A mysterious gamma-ray source powered by a Magnetar?

May 2016

Fig. 1: H.E.S.S. gamma-ray image of the VHE source HESS J1808-204 with 6, 5, and 4 sigma statistical significance contours (black solid lines) and intrinsic extension (white dashed circle). Green cross: best fit position with 1 sigma errors; red star: location of the massive stellar cluster C1*1806-20. Magenta dashed ellipse: 1 sigma location error of the Fermi-LAT GeV source 3FGL J1809.2-2016c.

In 2012, H.E.S.S. reported the discovery of a new very high energy (VHE) gamma-ray source towards the magnetar/soft-gamma-repeater SGR1806-20. Magetars are highly magnetised neutron stars, with a surface field of 10¹⁴ to 10¹⁵ Gauss – about 1000 times higher than for “ordinary” neutron stars. SGR1806-20 is famous for its giant flare of December 27, 2004 [1], which might be attributed to deformations of the neutron star surface.

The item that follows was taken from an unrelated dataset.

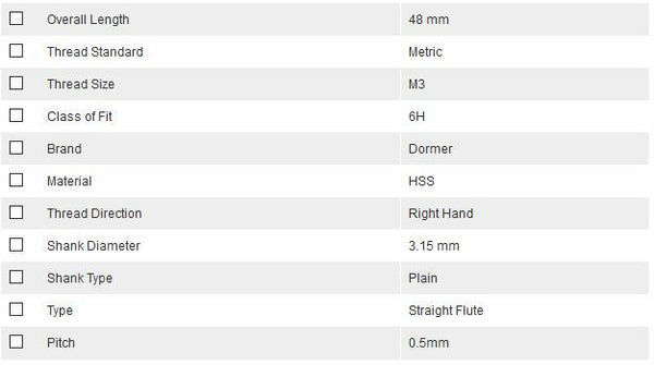 Dormer E500-M3/0,50 HSS M3 Straight Flute Thread Tap, 48 mm Length - New - Brand new item, still in OEM packaging  - Check out the images for more product details Product details:- - E500 HSS metric straight flute plug taps-...View more

This magnetar is embedded in the massive stellar cluster C1*1806-20, which harbours four Wolf-Rayet (WR) blue giant stars plus one of the most massive stars in our galaxy – the luminous blue variable candidate LBV1806-20 [2]. Before they die in supernova explosions, these stars exhibit incredibly powerful stellar “winds” of particles which may heavily influence their surroundings.

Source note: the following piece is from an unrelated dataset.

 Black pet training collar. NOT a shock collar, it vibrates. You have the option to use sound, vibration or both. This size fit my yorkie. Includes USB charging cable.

In a paper recently accepted by the Astronomy and Astrophysics journal [3] as a part of a special feature devoted to H.E.S.S., the final analysis of the H.E.S.S. observations (94 hr in total) confirms the VHE emission positionally consistent with C1*1806-20 and intrinsically extended with a radius of about 0.1deg (see Figure 2). At the assumed distance to C1*1806-20 of 8.7 kpc [4], this extension amounts to about 15 parsecs, which, interestingly, matches the size of the radio nebula G10.0-0.3 [5] believed to be powered by LBV1806-20 (Figure 2). The energy spectral shape of the VHE source is quite similar to that of the GeV Fermi-LAT source nearby (see Figure 3), although the GeV source is labelled as “confused” (i.e. it is potentially compromised by the Galactic diffuse GeV emission, making its location and spectral fluxes systematically uncertain).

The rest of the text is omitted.